Printability Metrics in Direct Ink Writing: Critical Review of the Literature and Novel Perspective Based on Dimensional Analysis

Direct Ink Writing (DIW) is a versatile additive manufacturing technique widely used for processing complex inks, particularly particle-loaded formulations. Despite its broad applicability, the field lacks standardized criteria for defining and assessing printability. Existing approaches, typically based on rheological thresholds such as yield stress and elastic modulus, often lead to system-specific, inconsistent results and rely heavily on subjective visual inspection. This work presents a systematic framework for analyzing DIW printability, grounded in the unpacking of the printing process into five subfunctions: extrudability, single filament accuracy, planar accuracy, buildability, and ability to produce suspended structures.
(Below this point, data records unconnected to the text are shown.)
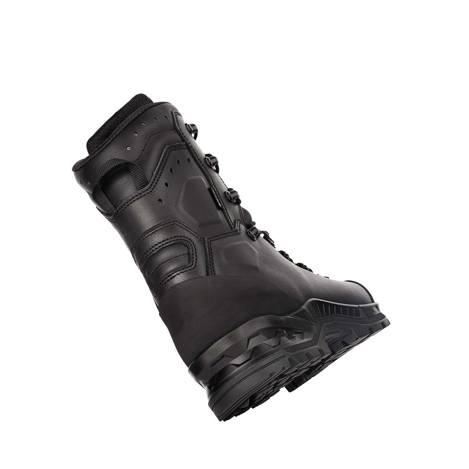 LOWAs prestanda, komfort och innovativa design inom segmentet Task Force, som ursprungligen utvecklats för Brittish Special Forces, har bevisat sig om och om igen, i världens mest krävande förhållanden. Lowa Combat MK2 Gtx är den nya generationen stridskänga som passar lika bra till yrkesgrupper som polis, militär och väktare som till jägaren och vandraren som söker smidighet i en hög känga. Den har en mellansula i PU som är lätt, dämpande och flexibel men samtidigt bidrar till god stabilitet - alltså en hög komfort under långa turer. Ovandelen i slitstarkt läder har ett speciellt pigment (LOWA® RAYFLECT) som reflekterar en del av solens värmestrålning och förhindrar överdriven värme - något som annars kan vara ett problem med klassiska svarta kängor. Detta gör det något behagligare att vistas ute under varma sommardagar. Med det sagt så är vattentäta kängor alltid lite varma men Lowa har gjort ett försök att tackla problemet med Rayflect-teknologin. Tå- och hälparti är extra förstärkta med gummi och vid hälsenan finns en extra mjuk flexpunkt. Eftersom kängan i första hand är tänkt för yrkesmilitärer löper snörningen genom slutna hakar - den sista innan vristen har dessutom en låsfunktion för att man ska kunna snöra olika hårt över framfoten och vristen. Invändigt är Lowa Combat MK2 GTX fodrad med textil och Gore-Tex Comfort för att hålla dig torr från den utvändiga vätan. Yttersulan, Vibram® Vanguard, har bra grepp på de flesta underlag och är även resistent mot olja, bensin och värme. Kängan har en speciell läst anpassad för kvinnors anatomi vilket innebär anpassningar runt hälben och i framfot. Kängan är omsulningsbar. Kom ihåg att sköta dina kängor - tvätta av dem med ljummet vatten utvändigt och vaxa dem regelbundet. Vanligt skovax fungerar bra men är du i behov att bibehålla en jämn, svart färg rekommenderar vi ett svart vax. .
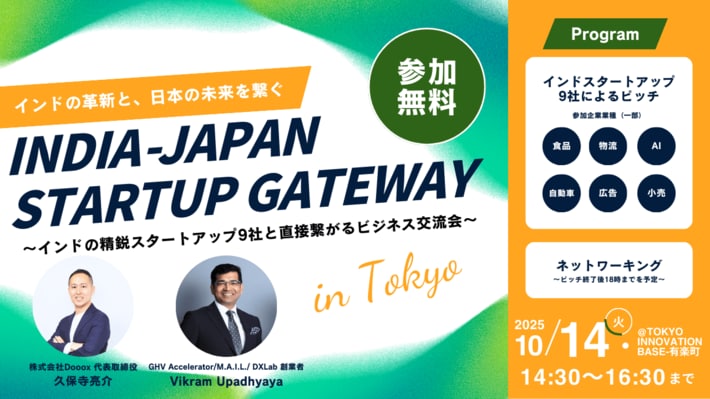 “行動で世の中を変えていく“を理念に掲げる株式会社Dooox(東京都品川区、代表取締役 久保寺亮介/以下「当社」)はインドのアクセラレーター兼投資家であるGHV(GreenHouseVentures)と共催にて、インドのスタートアップと日本企業による交流イベントを開催します。
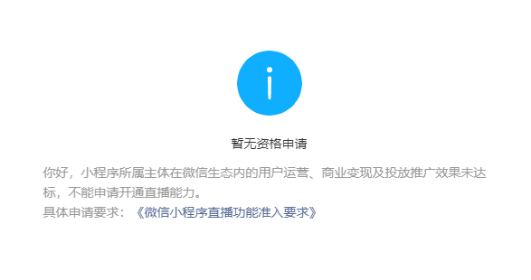 你好,核实到小程序暂不符合微信小程序直播功能准入要求,还需满足下列条件之一:
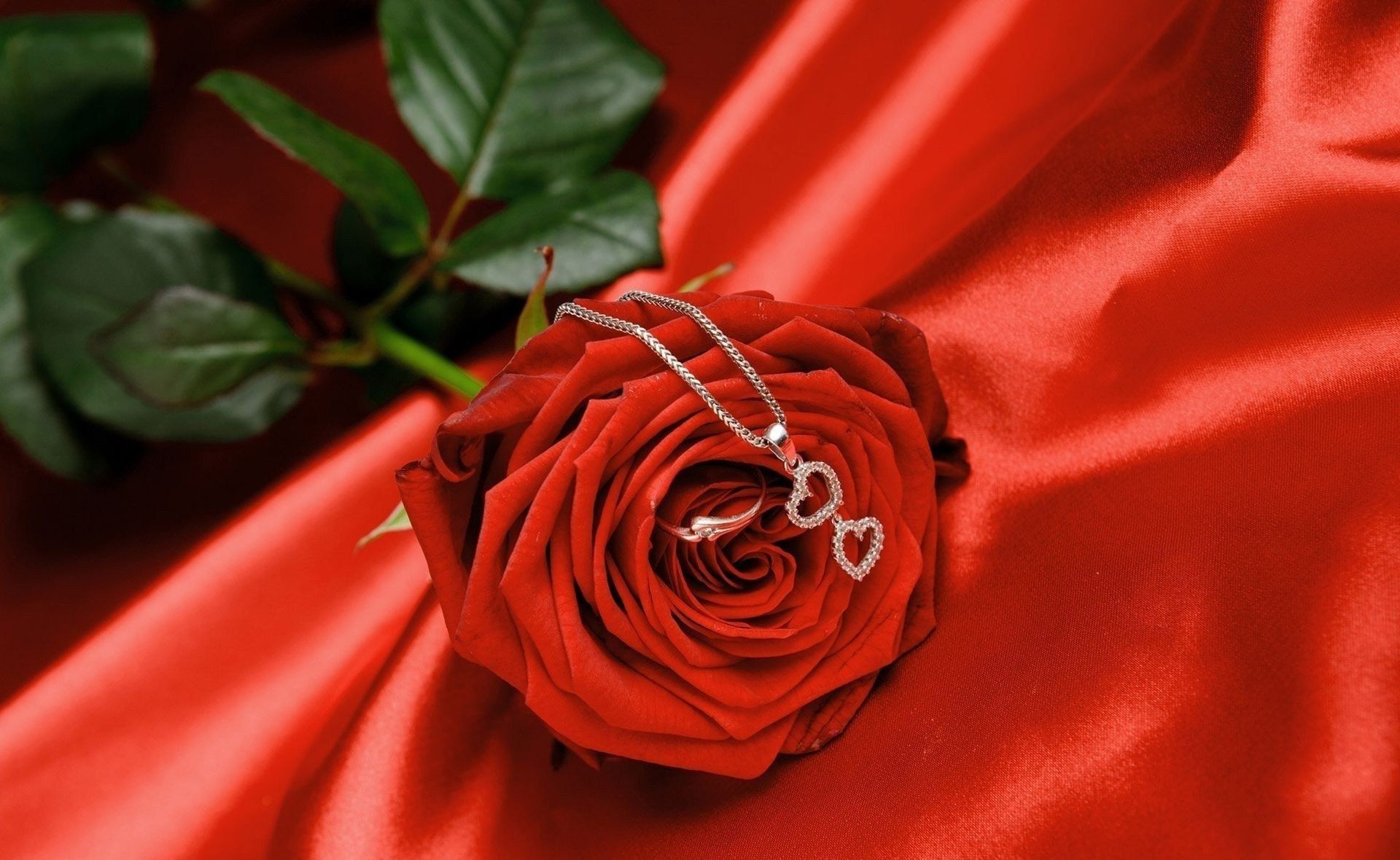 Kolye ile kırmızı kumaş üzerine gül
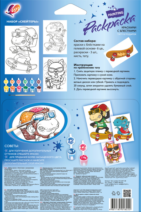 💳 Оплатить за товар можно при получении 🇰🇿 Есть бесплатная доставка по Казахстану 🎁 Копите бонусы с каждой покупки Серия: Волшебная палитра Теперь можно забыть о скучных, тусклых раскрасках, ведь сейчас ваш рисунок не только заиграет яркими красками, но и в прямом смысле этого слова — засияет! В набор для детского творчества входит 3 карточки с изображением. Такой набор — отличный подарок. Так же в каждый набор вложен подарок — яркая татуировка (смываемая и переводная картинка). |
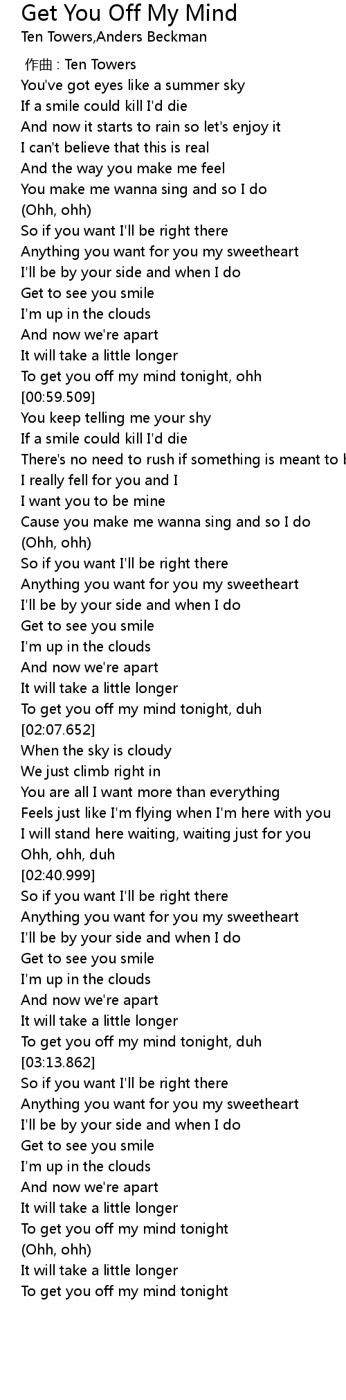 | [00:56.403] | To get you off my mind tonight, ohh |
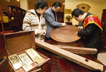 22日,北京紅木企業(yè)元亨利在紅木大觀樓擺出整盒的金條,征集散舊海南黃花梨木家什,只要通過(guò)專(zhuān)家鑒定是海南黃花梨木,哪怕是搟面杖、舊鍋蓋、瘸腿凳子都可換金子。1公斤黃花梨木最高能換40克黃金,價(jià)值約6800元。 工作人員介紹,按木料橫截面面積的大小,把木料分為3個(gè)等級(jí),最高等級(jí)的木料,1公斤約能換40克黃金,按照每克黃金170元計(jì)算,相當(dāng)于6800元。 元亨利總經(jīng)理?xiàng)畈ń榻B,自去年以來(lái),紅木原料告急,價(jià)格翻番,每噸大料收購(gòu)價(jià)高達(dá)上千萬(wàn)元。公司數(shù)次去海南淘料都空手而歸,目前只能試試看在北京能不能收一些零散的黃花梨木料,如果收不上來(lái),今后主產(chǎn)黃花梨家具的元亨利將面臨無(wú)米下鍋的境地。不過(guò)他提醒說(shuō):“不是啥木頭都能換,我只要海南黃花梨!
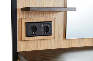 Svart matt väggmonterad spegel, rundade kanter med bricka och fotstöd - Bobbie B
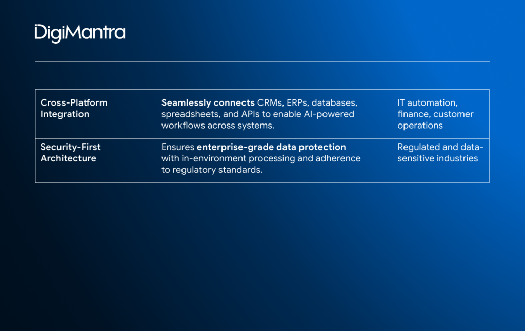 Generative AI for enterprise excels at combining data from multiple sources, structured and unstructured, to surface meaningful insights. By identifying trends and correlations, it helps enterprises uncover new opportunities, improve forecasting accuracy, and refine business strategies.
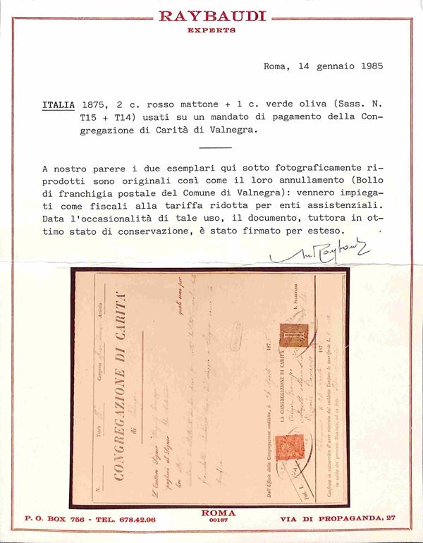 Mandato di pagamento della congregazione di caritą di Valnegra (BG) per rimborso spese con uso fiscale di 2 pił 1 cent (14 + 15) alla tariffa ridotta per enti assistenziali - raro - Valnegra 26.8.75 - cert. Raybaudi
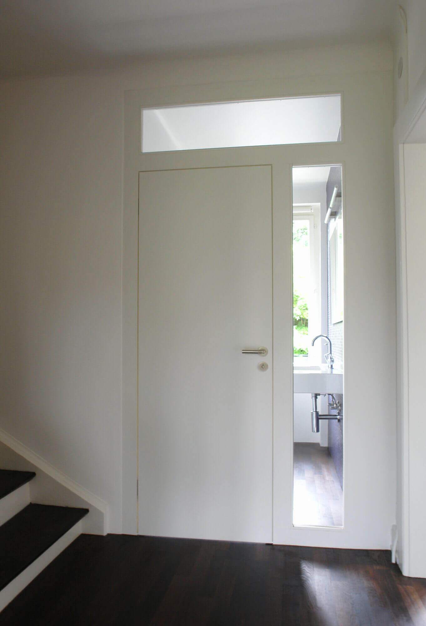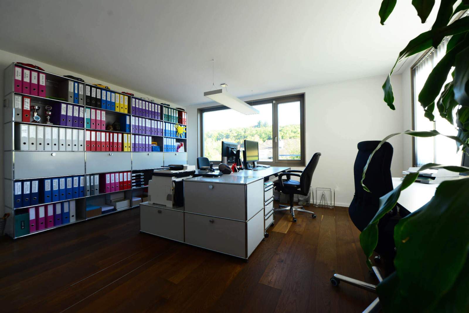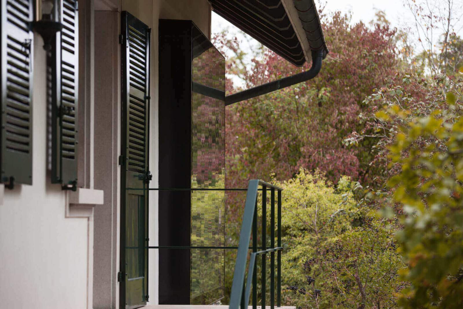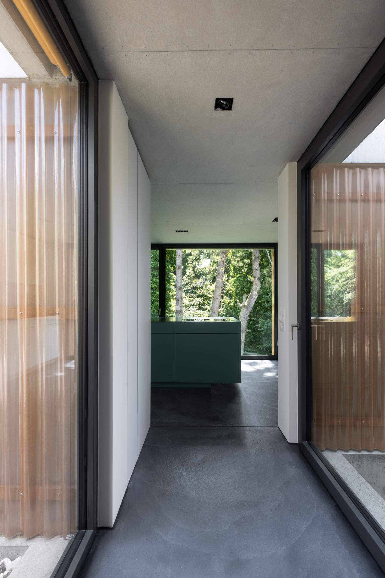 Gleich im Erdgeschoss weicht der schlanke Treppenhausflur einem grosszügigen Eingangsbereich mit freistehender Garderobe. Dieser Bereich dient als Verteiler zwischen der flexiblen Erdgeschossnutzung und den Hauptwohnräumen. Die zwei grossen Zimmer im Erdgeschoss sind über Schiebetüren frei kombinierbar. Das modernisierte Duschbad und die kompakte Teeküche vervollständigen diese Einheit. Direkt zur Treppe gelangt man über eine raumhohe Pendeltüre. Diese findet sich in jedem Geschoss wieder und vereint die Räume mit dem Treppenraum.

Each subfunction is examined in detail through dimensional analysis to identify the parameters responsible for its success. This approach enables a deeper understanding of the interactions between material properties and process variables and highlights how certain parameters can have opposing effects in different subfunctions. To support an objective evaluation, a standardized printability test based on a serpentine pattern is introduced. By quantifying key geometric features (filament width, height, curvature, and deflection) the test enables a reproducible and scalable comparison of inks across a wide range of formulations. This method replaces qualitative assessments with measurable, normalized metrics, providing a robust tool for ink development and printer calibration.